Braai Pies

When I was first told about the braai pie by Quint, one of my best mates, I was a bit sceptical. How could puff pastry be put on the grid, braaied and still turn out to be edible? He promised me it worked. So I gave it a bash and I can now wholeheartedly recommend you do too.

First you need to make your fillings. After some testing, these are a couple of my favourites:

 Chicken, Pea and Beer Pies

 You’ll need

  • a handful of mushrooms – sliced
  • half a leek – sliced
  • 2 or 3 spring onions – chopped
  • a clove of garlic – crushed
  • a small handful of cooked leftover chicken
  • a palm full of fresh garden peas
  • your favourite beer
  • a splash of cream

Pan-fry the mushrooms, leeks, onions and garlic and let them sweat off any excess juice. Take your leftover chicken, tear it up roughly into strips and add it to the pan. Chuck in the peas and then a splash of beer. Be stingy – think of it as though you’re giving a six-year-old kid a little taster. (Keep the rest for yourself.) Add a splash of cream and let the sauce cook down. You want the filling to be juicy but not overly moist otherwise when you braai the pie it’ll disintegrate into a soggy bomb.

 Mussel and Prawn Pies

You’ll need

  • a handful of mussels
  • a splash of white wine
  • 8 prawns, cleaned, deveined and shelled
  • a knob of butter
  • a clove of garlic – crushed
  • a splash of cream
  • coriander – fresh and chopped
  • 2 or 3 spring onions – cut in half and sliced into thin strips

Dump the mussels in a pot, add a splash of white wine, put the lid on and steam until they open up. Take them out of the shells, remove the beard (if you haven’t already done so) and set aside. Clean your prawns, remove the shells and seal them off in a pan with a knob of butter and the garlic. Add the mussels to the saucepan with a splash of cream and a little drizzle of the salty water you steamed the mussels in. Add the coriander. Mix the whole lot up, chuck in the spring onions and let it simmer until the sauce has cooked off a little. As with the chicken, pea and beer pies above, the mixture must not be too moist.

Spinach and Feta Pies

You’ll need

  • butter
  • a whole bunch of spinach – rinsed and remove the pith
  • 1 onion – chopped
  • 1 clove of garlic – crushed
  • a little feta
  • salt and black pepper to taste

Preheat a pan and add a couple of knobs of butter. Add your spinach, onion, garlic salt and pepper and stir around till the onion is soft and the spinach cooked. Spinach and butter are best friends – you can almost never add too much butter. Remove from the heat, let it cool down, and then crumble some feta over the spinach.

The pastry

If you don’t have the energy to make your own pastry, just buy some rolls of puff pastry from the store. Sometimes it’s okay to take a shortcut. One sheet of pastry will make three pies. Whatever you do, try and keep the puff pastry as cold as possible. Roll it out and cut it into six even-sized squares. Scoop a biggish spoonful of whichever filling you’ve made on to the centre of one square. Cover with another square and push the sides together using your fingers or the tines of a fork, ensuring that it’s completely sealed up. Repeat with the remaining squares of pastry.

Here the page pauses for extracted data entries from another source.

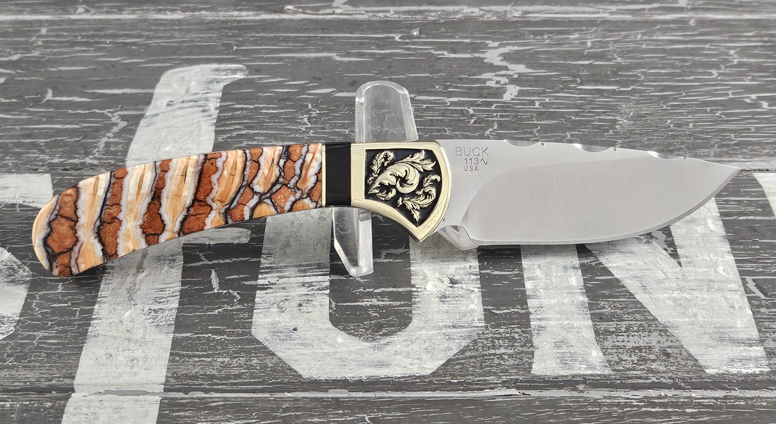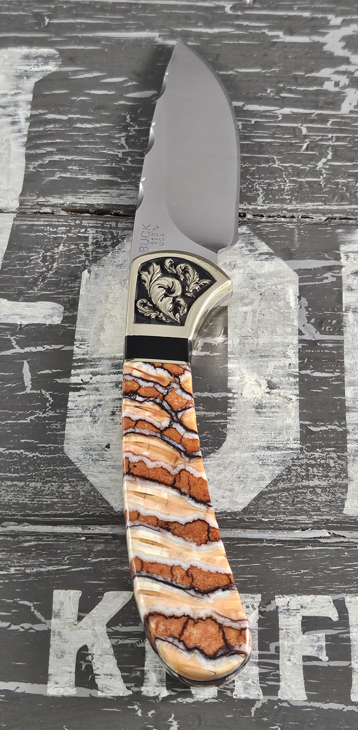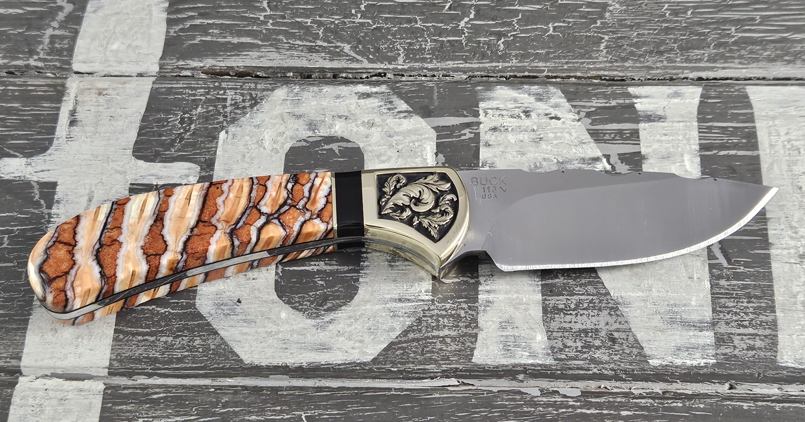This is a customized Buck Knife 113 Skinner. This 113 is a part of our Woolly Mammoth Series. The handles are Woolly Mammoth tooth with black liners. The brass bolsters have a scroll work engraved into both sides. The trim is onyx and brass. The knife comes with its original box and sheath.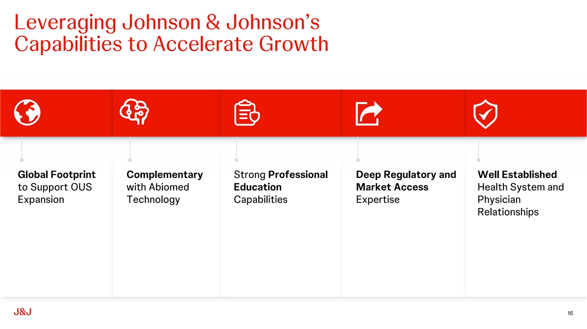 Extends JJMT Position in High-Growth Cardiovascular Segments PIPELINE OPPORTUNITY Electrophysiology Heart recovery IVL – coronary IVL – peripheral LAAC 14% 20%+ ~20% 13% 20%+ 2023-26 Market 2023-26 Market 2023-26 Market 2023-26 Market 2023-26 Market CAGR CAGR CAGR CAGR CAGR Market Leader: Market Leader: Market Leader: Market Leader: Market Leader: J&J (Biosense J&J (Abiomed) Shockwave Shockwave Boston Scientific $8.2B $1.3B $0.5B $0.2B $1.4B Webster) Medical Medical 2023 Annual 2023 Annual 2023 Annual 2023 Annual 2023 Annual Market Size Market Size Market Size Market Size Market Size Recent Expansion of Cardiovascular Portfolio With Shockwave, J&J will be a category leader in 2023 2024 2022 4 high-growth Acquisition of Abiomed – Acquisition of Laminar – Acquisition of Shockwave Medical – an innovator in left atrial appendage expands portfolio into two of the highest broadened position in cardiovascular cardiovascular elimination for AFib patients growth, innovation-oriented segments of with first-in-kind portfolio for cardiovascular intervention, complemented by treatment of coronary artery disease segments opportunity to accelerate growth and and heart failure innovation in IVL 14 Source: Johnson & Johnson internal estimates; Shockwave Medical FY2023 Form 10-K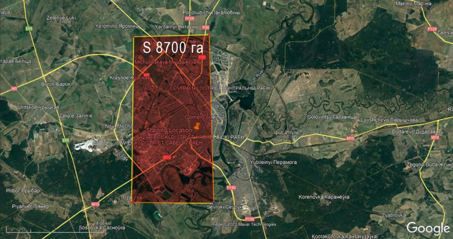 Наглядное представление площади в 8 700 Га (87 квадратных километров)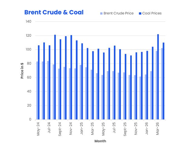 - As of April 13th, coal prices trades 9.8% lower this month, closing at $104.85 per metric tonne. This represents a 8.8% increase year-on-year.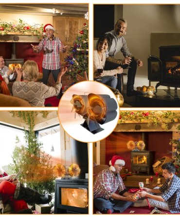 Wood Stove Fan Heat Powered Dual Silent Motors 4 Blades Non-Electric Heat Fireplace Fan with Bracket and Magnetic Thermometer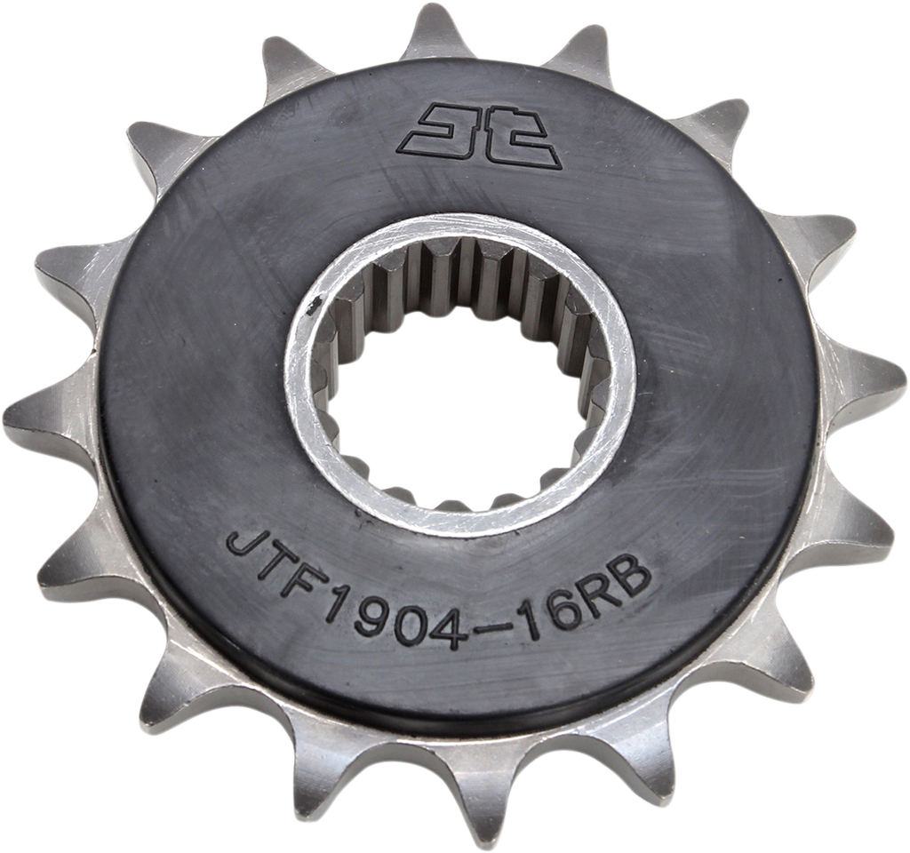 Computer-designed to achieve ultimate strength at minimum weight, JT combines leading-edge technology with top materials to produce the ultimate quality sprocket range with unbeatable value, Every sprocket meets or exceeds the highest possible quality standards set for the motorcycle industry, Sprockets are heat-treated and bead-blasted to reduce material surface tension, Front sprockets are made with C45 steel and SCM415 chromoly steel alloy; rear sprockets made with top-quality-grade C45 high-carbon steel, RUBBER CUSHIONED FRONT SPROCKETS "RB", Used by the major Japanese motorcycle manufacturers since early 1990’s to dampen the chain impact on the teeth of the front sprocket, Quality, design and OEM proven technology are the same as used for what is supplied to the motorcycle manufacturers, INDUCTION HARDENED BLACK ZINC FINISH REAR SPROCKETS "BK", Made from C45 high carbon steel, Teeth ARE heat-induction hardened to 38-50 HRC, When installing sprockets which differ from OEM sizes, check for proper clearances before operating., instruction to designerboxed note follows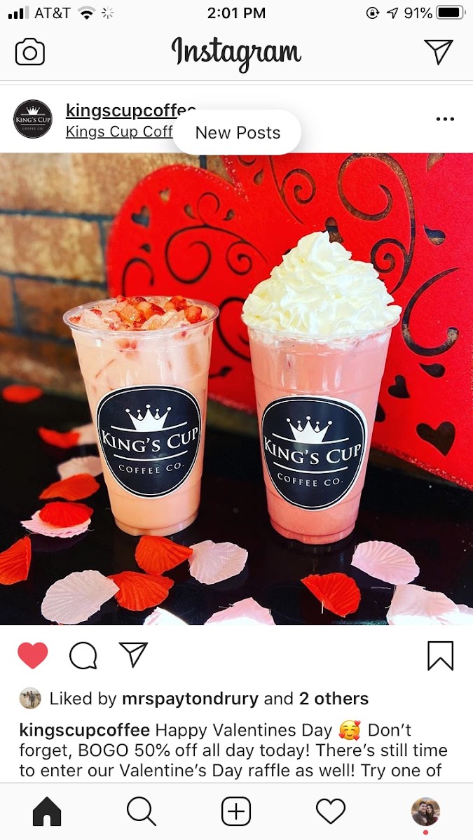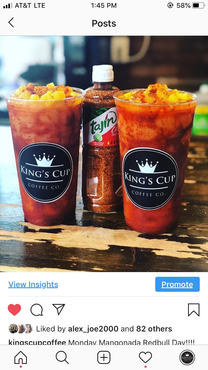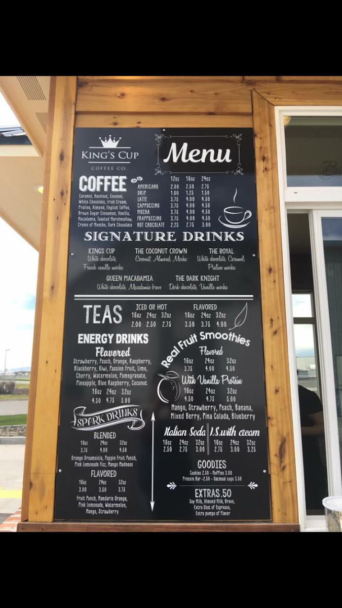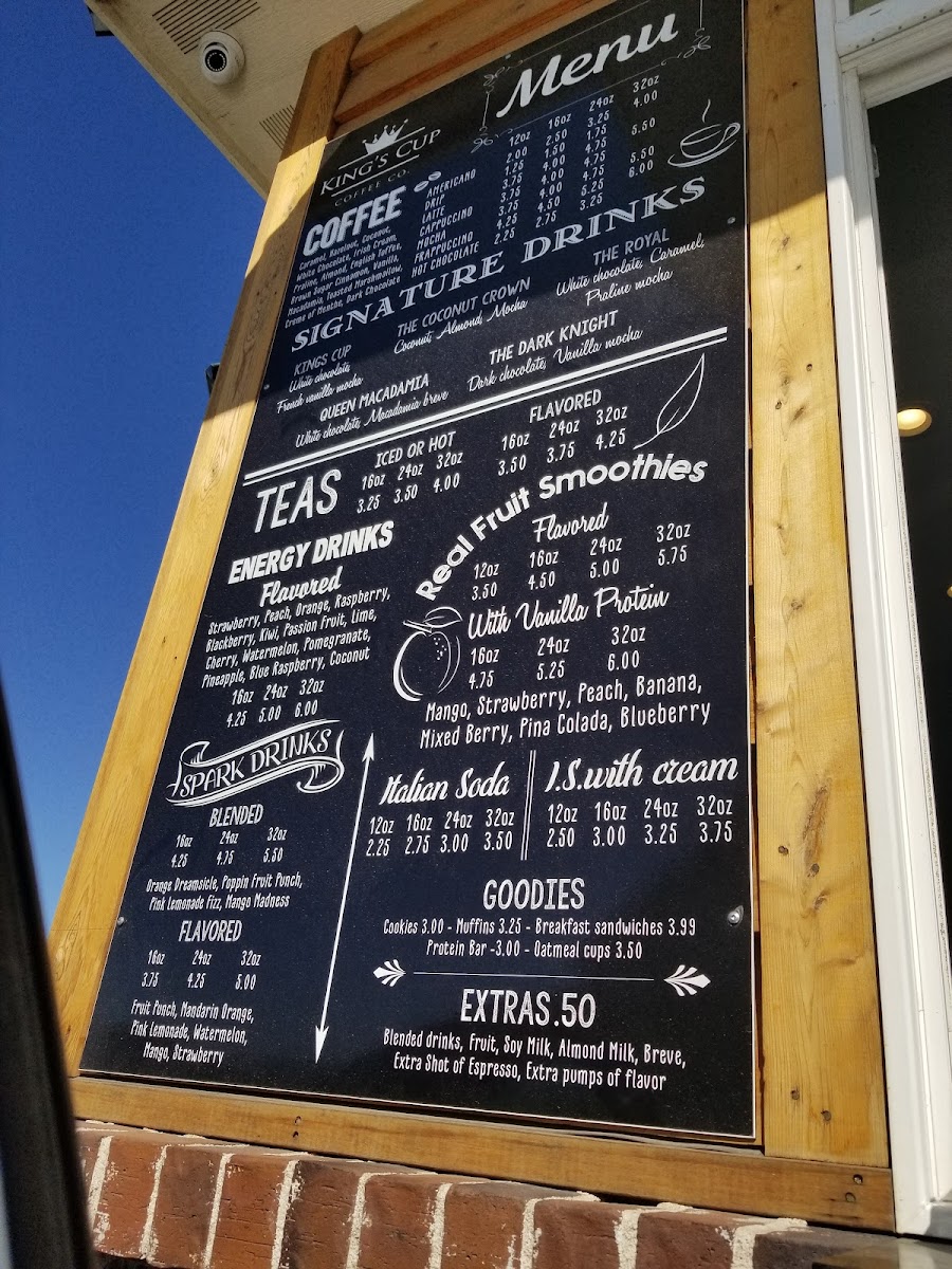 Signature Drinks showcase specialty coffee creations with unique names like Kings Cup, The Coconut Crown, Queen Macadamia, and The Dark Knight, providing a diverse range of flavored coffee beverages.

Brush the pastry with a little egg white, and using the tip of a knife, cut three small incisions on top of each pie – this will stop the pies from exploding when they’re on the grid. Put your pies in the fridge so that they harden up a little before you braai them.

Light a fire.

Once the fire is ready with nice medium coals, place your pies inside one of those braai grids that close up (the same one you use forboerie). There’s no need to grease the grid – there’s load of butter in puff pastry, which will prevent it from sticking. Take a couple of bricks and stack them on either side of the fire (about four each side). Place the grid on top of the bricks and turn the pies often to avoid burning them.

If the pies start spitting at you, best you jump out of the way until they’ve calmed down and if they break open it probably means you weren’t turning them often enough or your mixture was too soggy. (If at first you don’t succeed, you should try, try, and try again.)

When the puff pastry is nice and golden brown, your pies are ready to eat. Serve the chicken pie with beer, the mussel and prawn pie with a glass of good white wine, and the spinach and feta pie with whatever tickles your fancy.

The taste of puff pastry cooked over coals is unbelievable and I can’t think of a better way to get that smoky flavour to infuse in a pie. Delicious. Umami and all that good stuff!